What you should do. For the entries that follow, retype exactly the lines from the one containing "Field hockey game" to the one containing "wie auf den", inclusive, and only those. Images stay out of the copy.

##############################

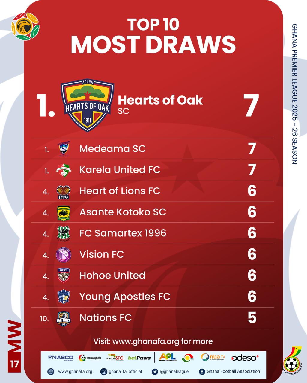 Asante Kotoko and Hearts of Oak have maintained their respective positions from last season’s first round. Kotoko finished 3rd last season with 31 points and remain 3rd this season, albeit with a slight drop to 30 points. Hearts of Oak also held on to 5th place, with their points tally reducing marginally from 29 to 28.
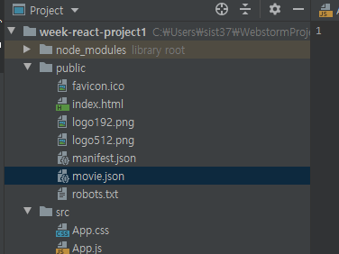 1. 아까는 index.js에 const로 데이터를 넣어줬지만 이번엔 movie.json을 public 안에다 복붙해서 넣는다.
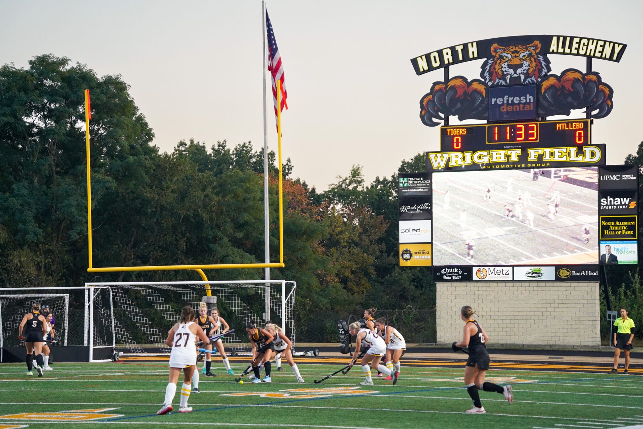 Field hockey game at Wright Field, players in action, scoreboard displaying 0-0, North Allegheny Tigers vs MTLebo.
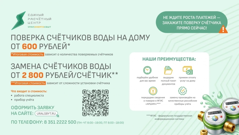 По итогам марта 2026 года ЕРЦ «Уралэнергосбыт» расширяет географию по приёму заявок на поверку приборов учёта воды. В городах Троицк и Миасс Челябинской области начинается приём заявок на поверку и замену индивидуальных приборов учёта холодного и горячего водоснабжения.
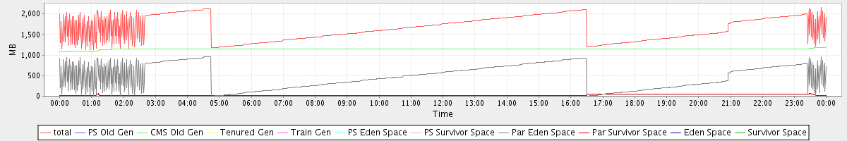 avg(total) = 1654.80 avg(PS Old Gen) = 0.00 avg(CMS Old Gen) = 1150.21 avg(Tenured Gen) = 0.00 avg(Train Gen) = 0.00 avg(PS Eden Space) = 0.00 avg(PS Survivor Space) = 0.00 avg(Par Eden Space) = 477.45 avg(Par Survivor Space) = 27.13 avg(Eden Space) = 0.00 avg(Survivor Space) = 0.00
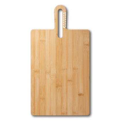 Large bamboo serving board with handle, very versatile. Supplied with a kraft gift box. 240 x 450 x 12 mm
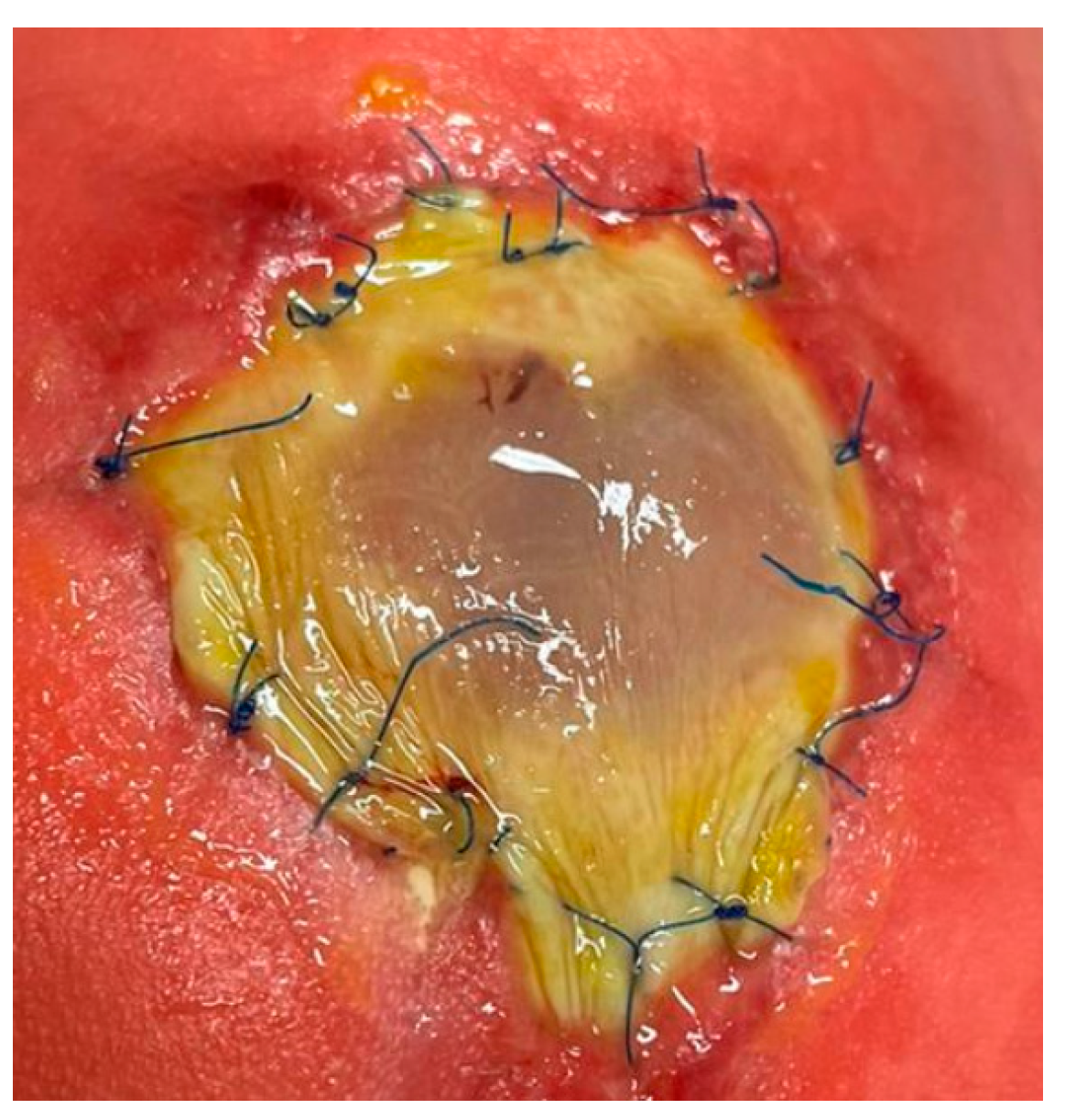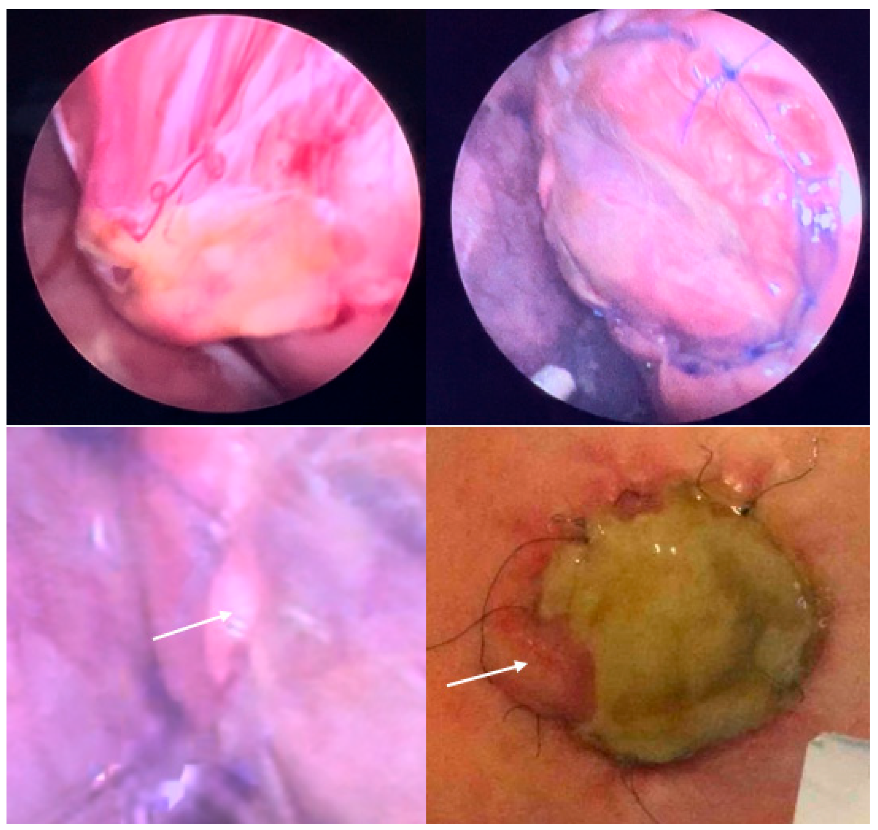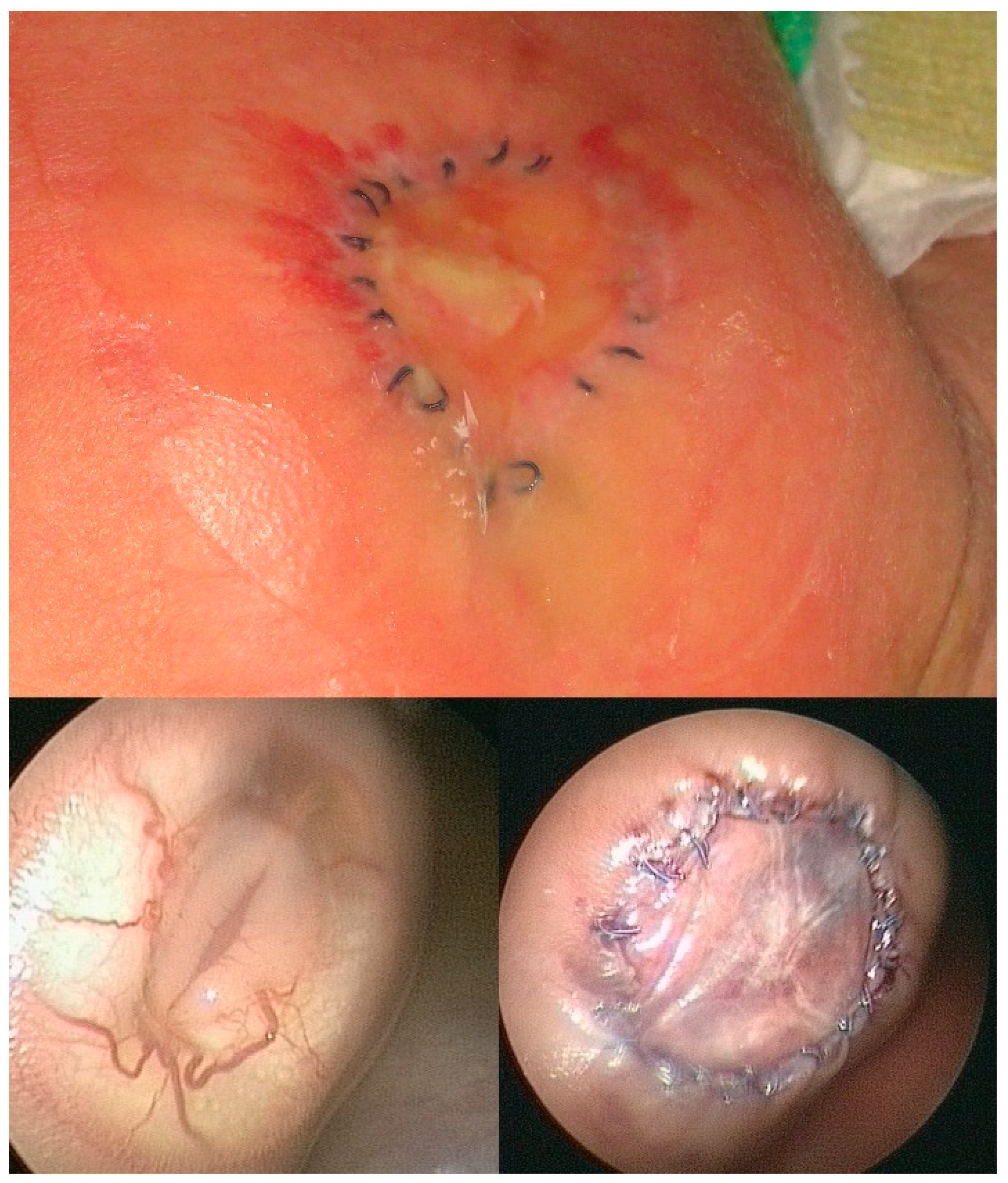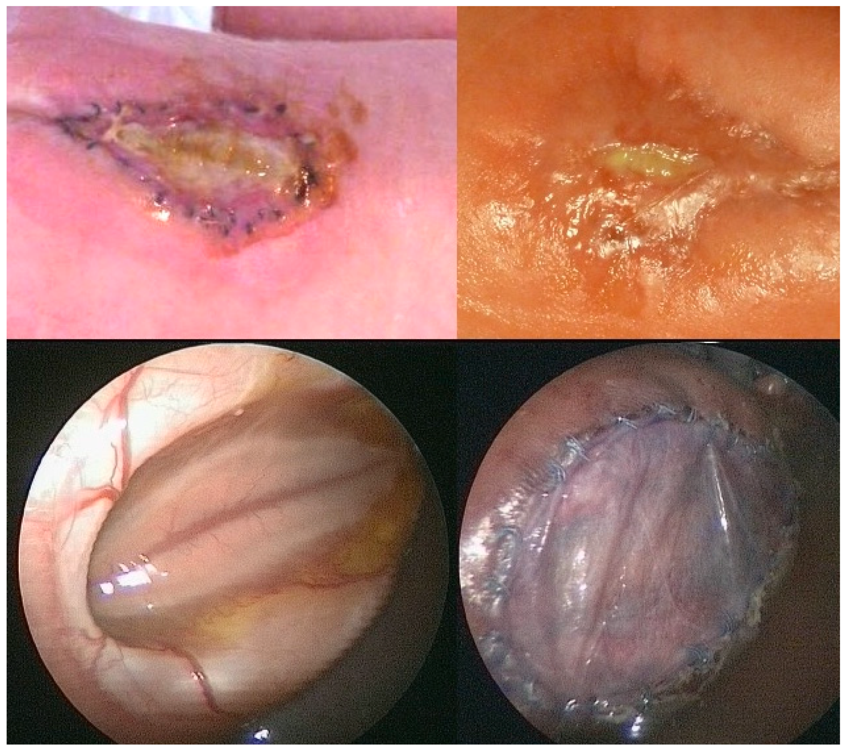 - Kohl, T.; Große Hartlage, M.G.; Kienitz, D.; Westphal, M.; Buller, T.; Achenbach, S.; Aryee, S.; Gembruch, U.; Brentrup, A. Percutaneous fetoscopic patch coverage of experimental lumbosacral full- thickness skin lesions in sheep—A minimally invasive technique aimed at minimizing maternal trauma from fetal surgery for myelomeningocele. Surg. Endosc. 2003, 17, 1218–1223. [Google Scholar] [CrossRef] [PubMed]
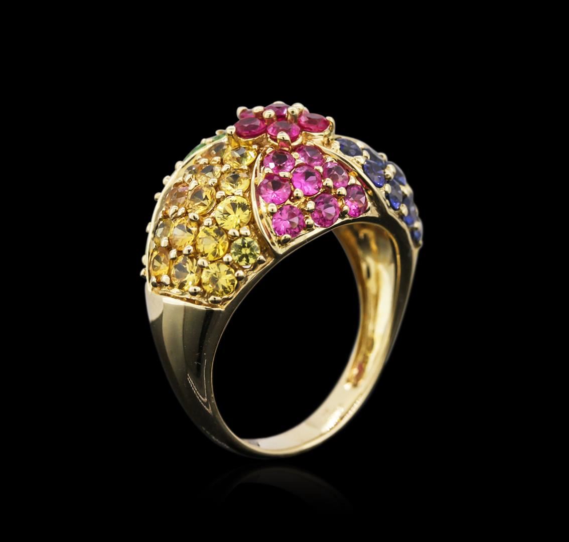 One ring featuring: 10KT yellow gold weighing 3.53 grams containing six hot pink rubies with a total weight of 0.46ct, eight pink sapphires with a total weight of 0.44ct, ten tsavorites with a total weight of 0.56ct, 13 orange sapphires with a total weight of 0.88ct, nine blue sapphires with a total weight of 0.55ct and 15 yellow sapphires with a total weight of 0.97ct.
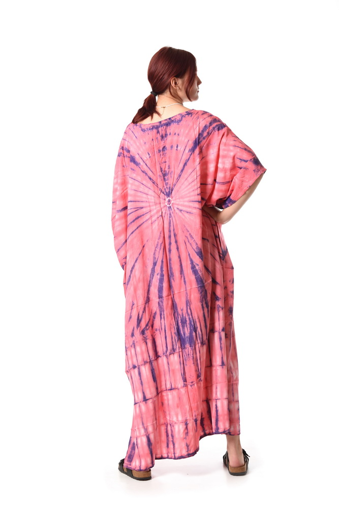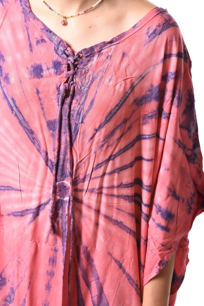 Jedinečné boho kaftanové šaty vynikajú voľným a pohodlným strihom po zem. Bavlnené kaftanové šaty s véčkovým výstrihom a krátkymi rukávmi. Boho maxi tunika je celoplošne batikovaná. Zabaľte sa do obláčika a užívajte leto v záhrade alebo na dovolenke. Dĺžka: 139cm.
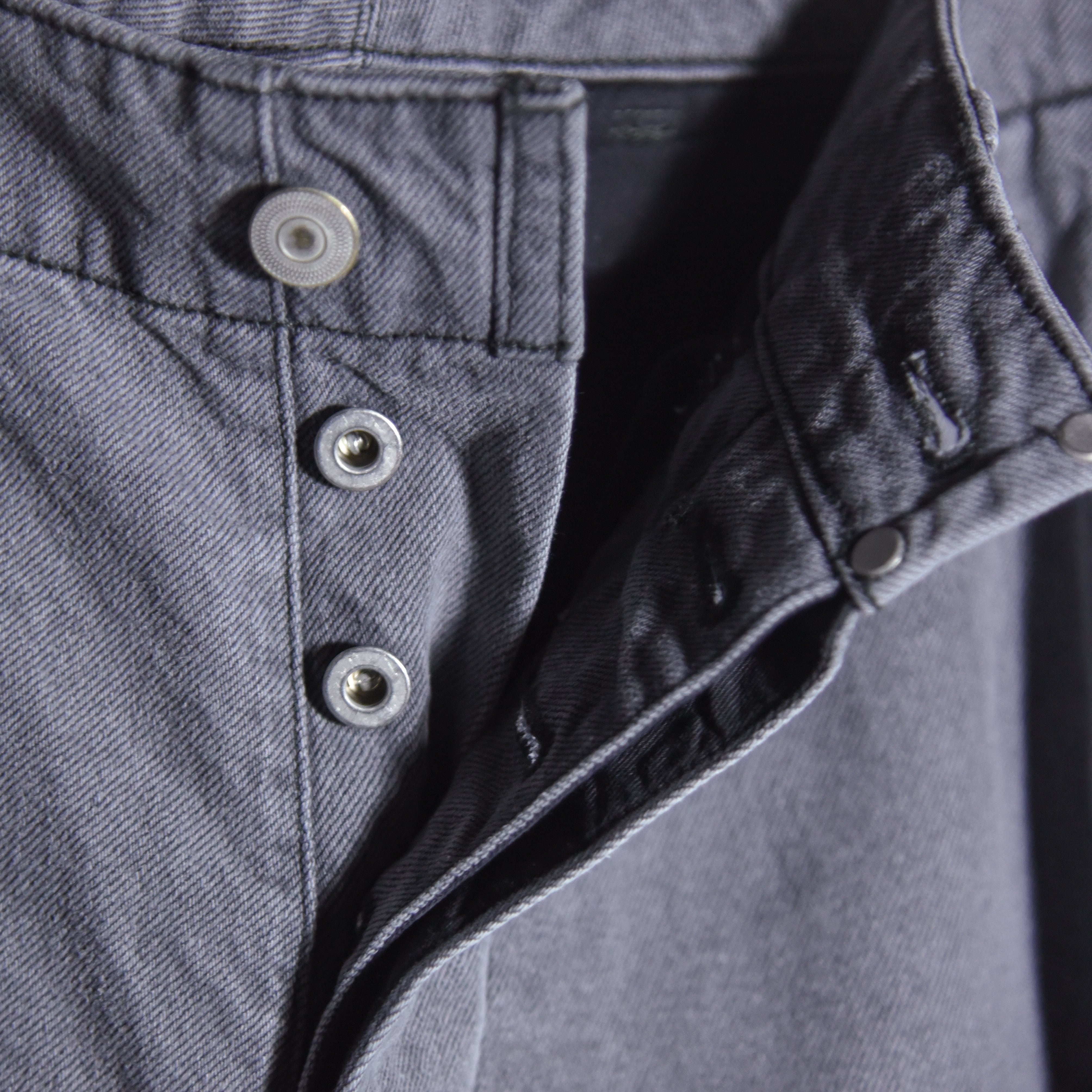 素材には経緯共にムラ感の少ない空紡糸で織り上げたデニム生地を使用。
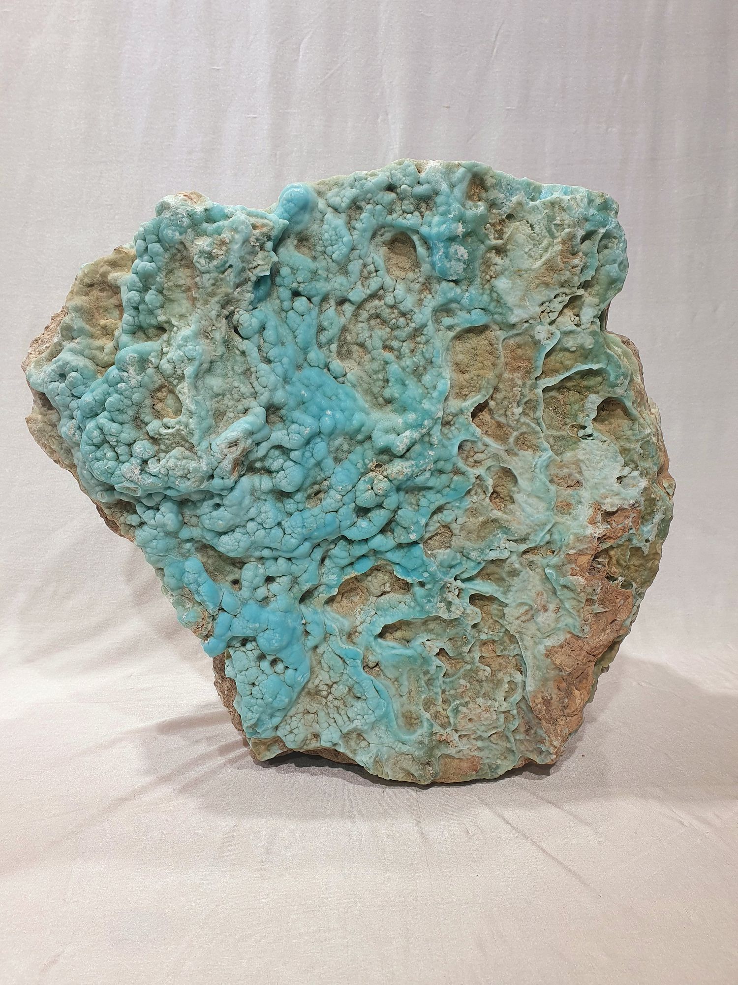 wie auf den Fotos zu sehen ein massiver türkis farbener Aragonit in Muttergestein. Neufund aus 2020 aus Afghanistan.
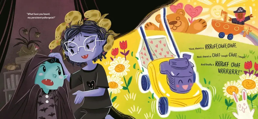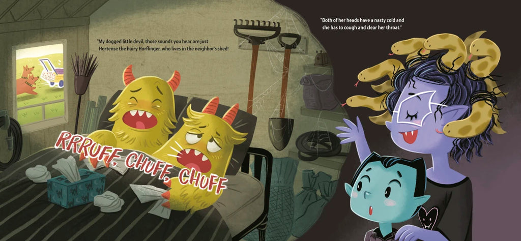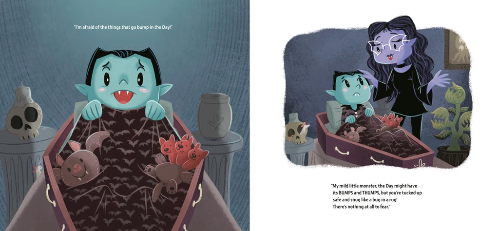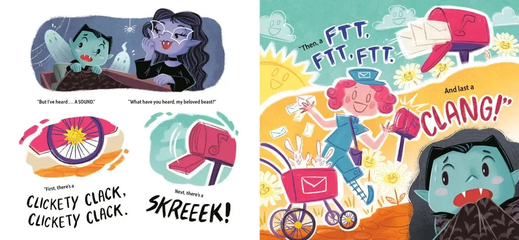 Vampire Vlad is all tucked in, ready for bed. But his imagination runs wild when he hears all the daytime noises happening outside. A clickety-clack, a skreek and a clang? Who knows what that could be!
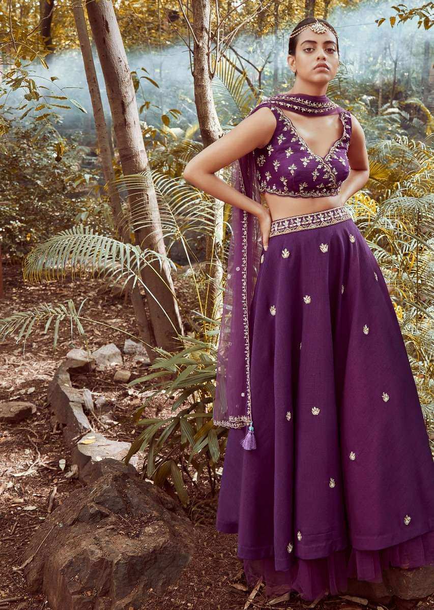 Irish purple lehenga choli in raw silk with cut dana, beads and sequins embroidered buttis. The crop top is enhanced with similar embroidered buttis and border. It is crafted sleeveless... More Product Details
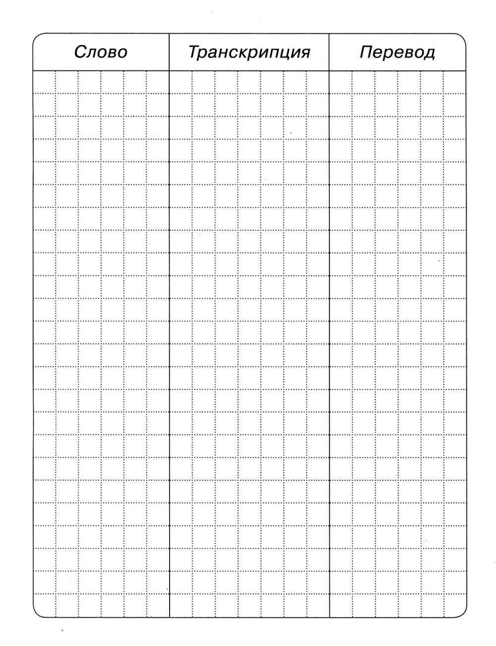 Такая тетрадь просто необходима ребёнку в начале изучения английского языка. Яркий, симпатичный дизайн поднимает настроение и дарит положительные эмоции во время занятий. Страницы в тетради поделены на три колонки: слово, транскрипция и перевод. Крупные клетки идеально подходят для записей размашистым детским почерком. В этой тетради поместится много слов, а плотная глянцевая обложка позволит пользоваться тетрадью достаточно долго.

##############################

Solved exercise.
 Field hockey game at Wright Field, players in action, scoreboard displaying 0-0, North Allegheny Tigers vs MTLebo.
 По итогам марта 2026 года ЕРЦ «Уралэнергосбыт» расширяет географию по приёму заявок на поверку приборов учёта воды. В городах Троицк и Миасс Челябинской области начинается приём заявок на поверку и замену индивидуальных приборов учёта холодного и горячего водоснабжения.
 avg(total) = 1654.80 avg(PS Old Gen) = 0.00 avg(CMS Old Gen) = 1150.21 avg(Tenured Gen) = 0.00 avg(Train Gen) = 0.00 avg(PS Eden Space) = 0.00 avg(PS Survivor Space) = 0.00 avg(Par Eden Space) = 477.45 avg(Par Survivor Space) = 27.13 avg(Eden Space) = 0.00 avg(Survivor Space) = 0.00
 Large bamboo serving board with handle, very versatile. Supplied with a kraft gift box. 240 x 450 x 12 mm
 - Kohl, T.; Große Hartlage, M.G.; Kienitz, D.; Westphal, M.; Buller, T.; Achenbach, S.; Aryee, S.; Gembruch, U.; Brentrup, A. Percutaneous fetoscopic patch coverage of experimental lumbosacral full- thickness skin lesions in sheep—A minimally invasive technique aimed at minimizing maternal trauma from fetal surgery for myelomeningocele. Surg. Endosc. 2003, 17, 1218–1223. [Google Scholar] [CrossRef] [PubMed]
 One ring featuring: 10KT yellow gold weighing 3.53 grams containing six hot pink rubies with a total weight of 0.46ct, eight pink sapphires with a total weight of 0.44ct, ten tsavorites with a total weight of 0.56ct, 13 orange sapphires with a total weight of 0.88ct, nine blue sapphires with a total weight of 0.55ct and 15 yellow sapphires with a total weight of 0.97ct.
 Jedinečné boho kaftanové šaty vynikajú voľným a pohodlným strihom po zem. Bavlnené kaftanové šaty s véčkovým výstrihom a krátkymi rukávmi. Boho maxi tunika je celoplošne batikovaná. Zabaľte sa do obláčika a užívajte leto v záhrade alebo na dovolenke. Dĺžka: 139cm.
 素材には経緯共にムラ感の少ない空紡糸で織り上げたデニム生地を使用。
 wie auf den Fotos zu sehen ein massiver türkis farbener Aragonit in Muttergestein. Neufund aus 2020 aus Afghanistan.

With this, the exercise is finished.